Is the use of a traditional military force, albeit for the purposes of providing capabilities the civilian response, in a public health response a slippery slope? There is the risk that the presence of foreign military personnel will contribute to fears over abuse of power or as a pretext for racial, ethnic, and religious incarceration or extermination. This risk must be discussed further. For many, attempting to restrict how and what local communities do when it comes to slaughtering animals for consumption and how they bury their dead are seen to be out of bounds for others to judge.

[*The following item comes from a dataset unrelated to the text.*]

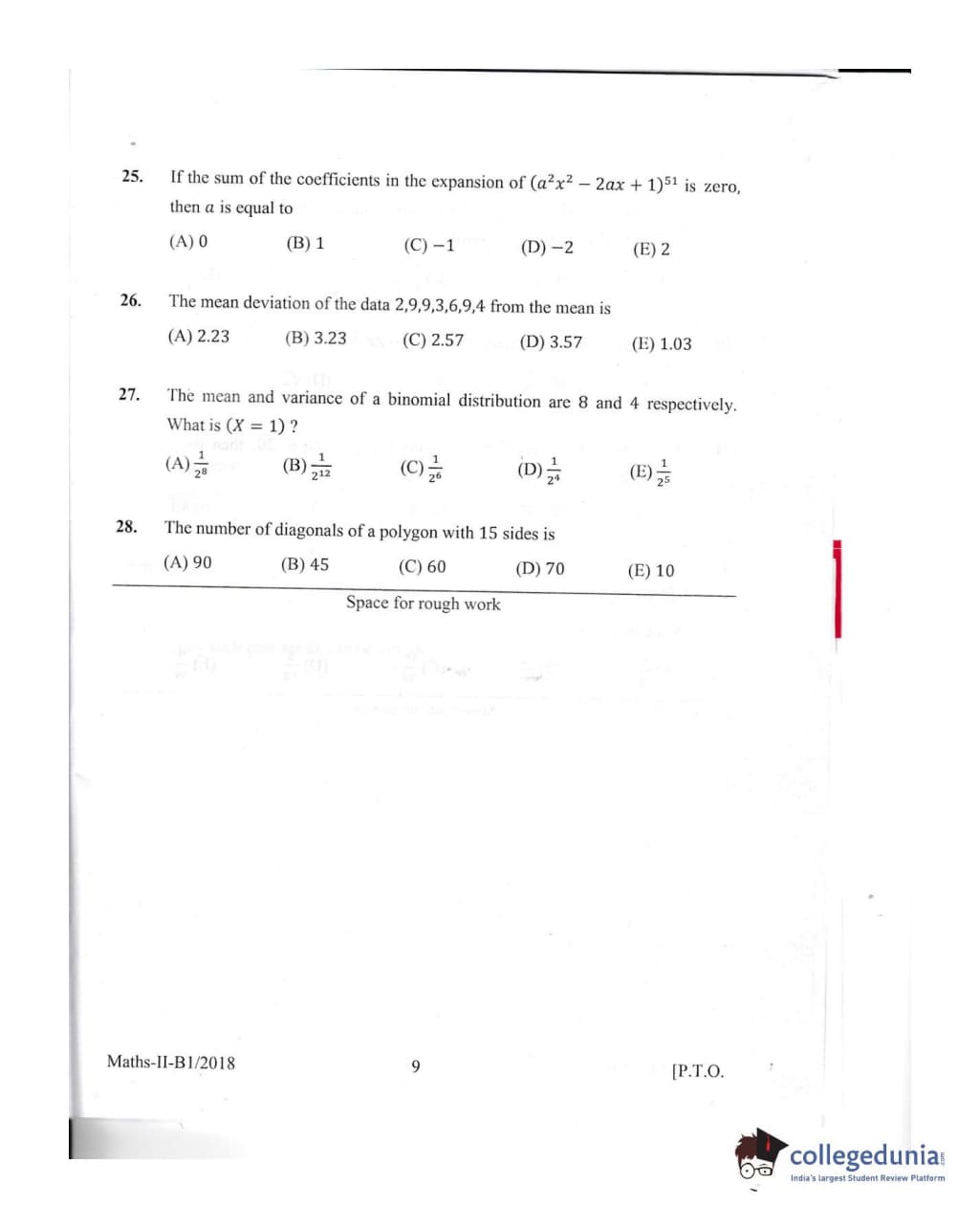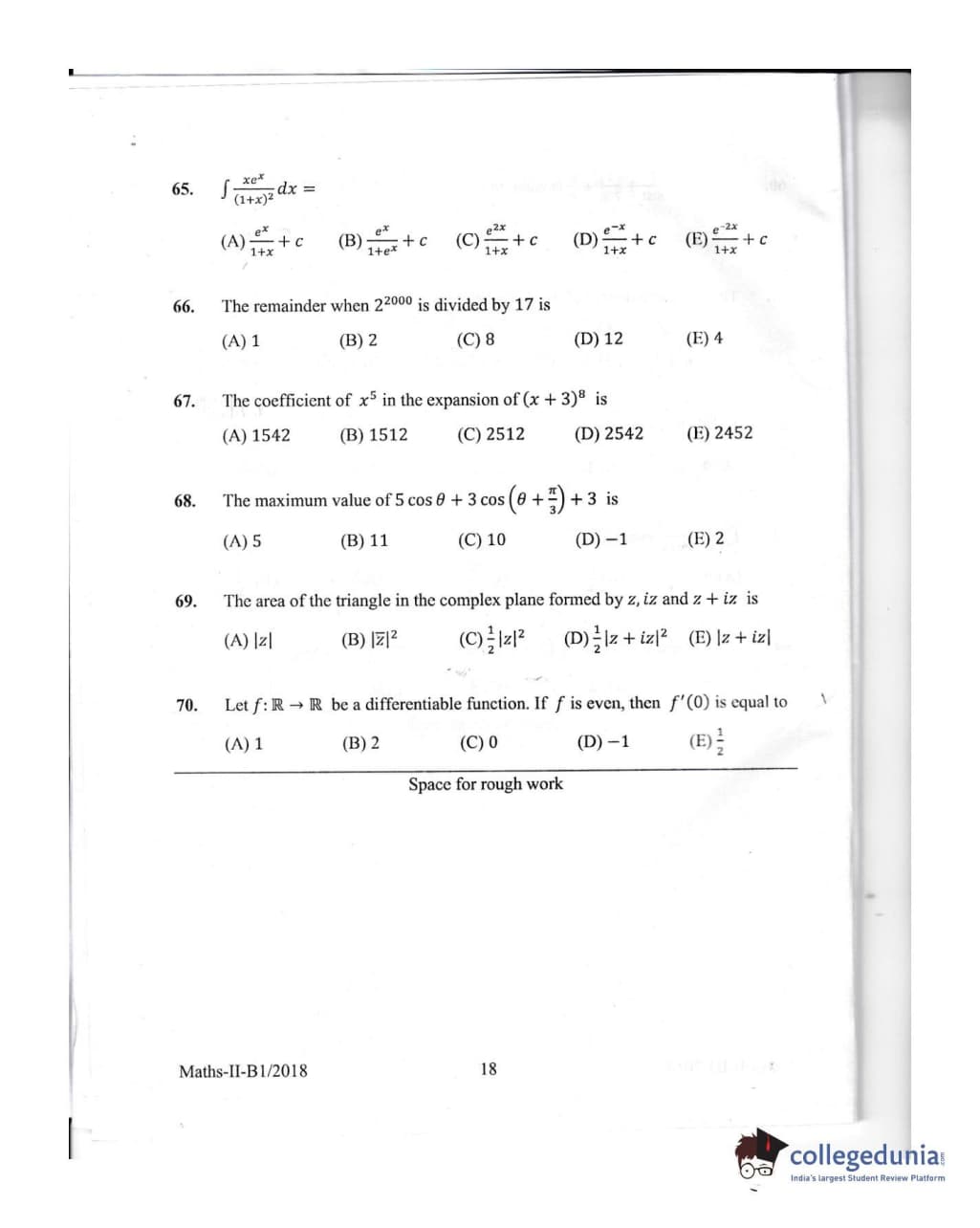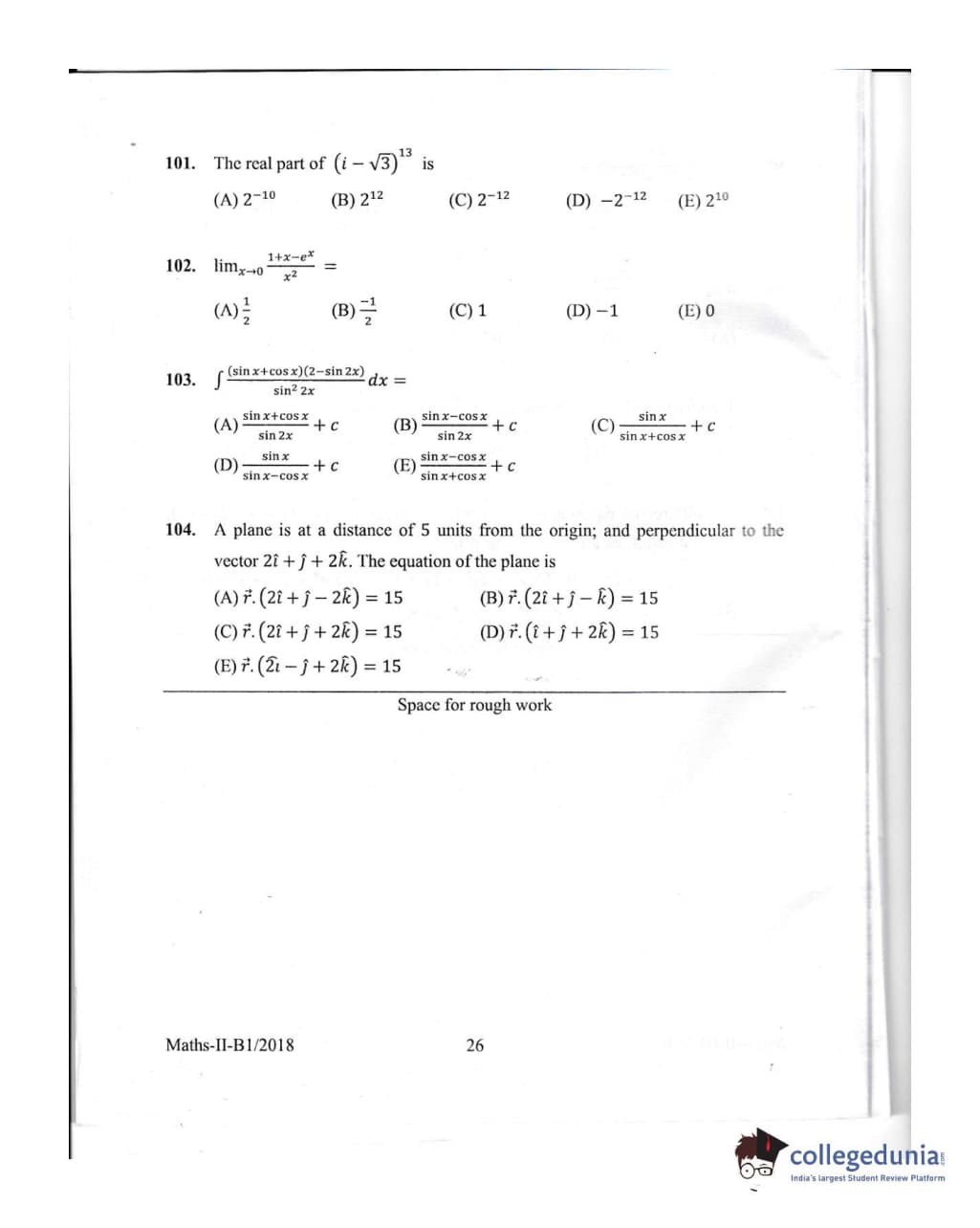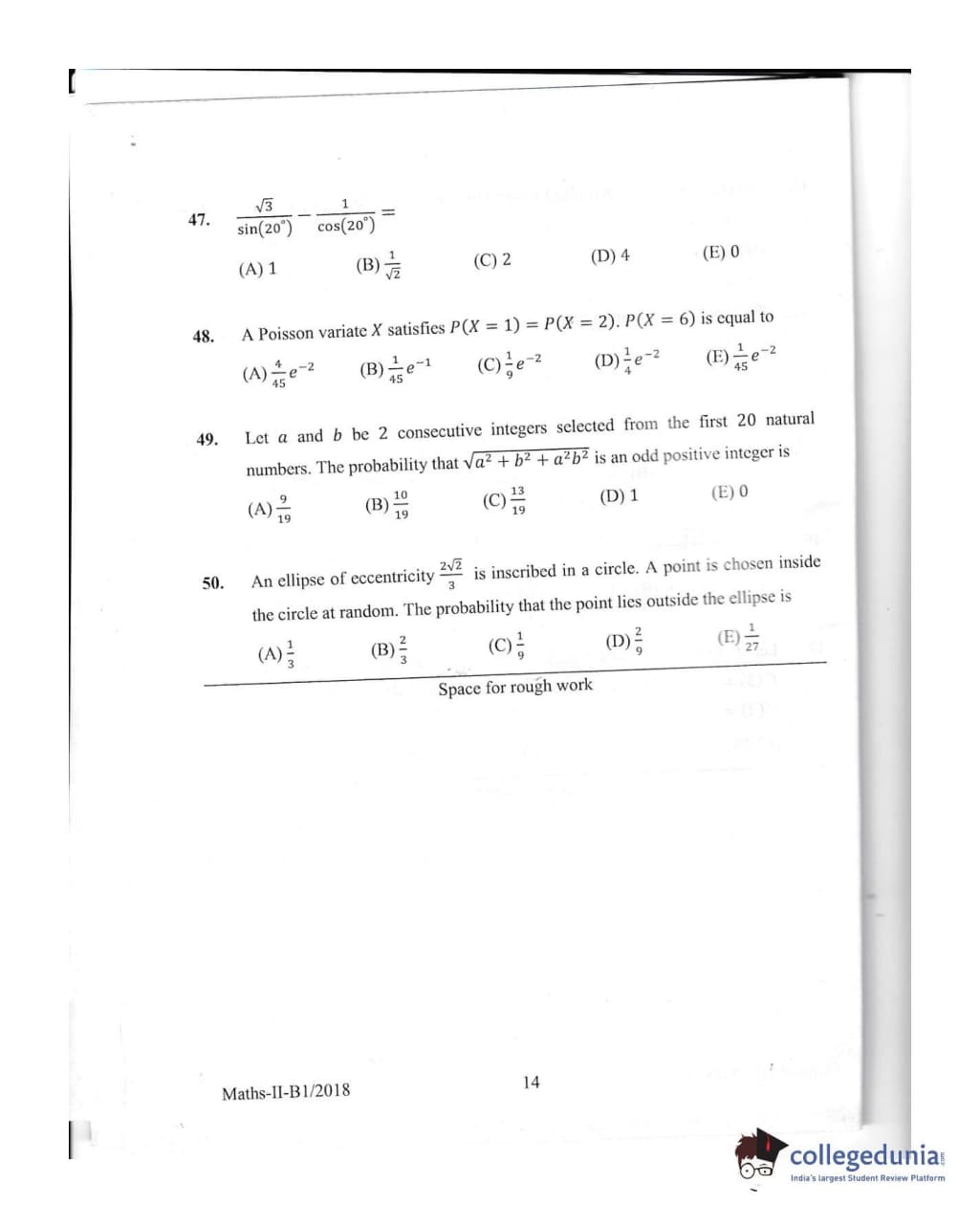 KEAM 2018 Mathematics Question paper with answer key pdf conducted on April 24, 2018 is available for download. The exam was successfully organized by Commissioner of Entrance Examinations Kerala. The question paper comprised a total of 120 questions.

When resources are lacking and impacted nations are willing, the international public health community can intervene with a positive result. A movement towards a combined military and civilian response in the Ebola crisis should be the catalyst for a broader, open discussion about the employment of military forces to support civil authorities in mitigating a public health crisis, particularly when people on the ground are unwilling to respond and local governments are unable to take action.

Melissa Hersh is a Washington D.C.-based risk analyst and a fellow at the Truman National Security Project. Views expressed are her own.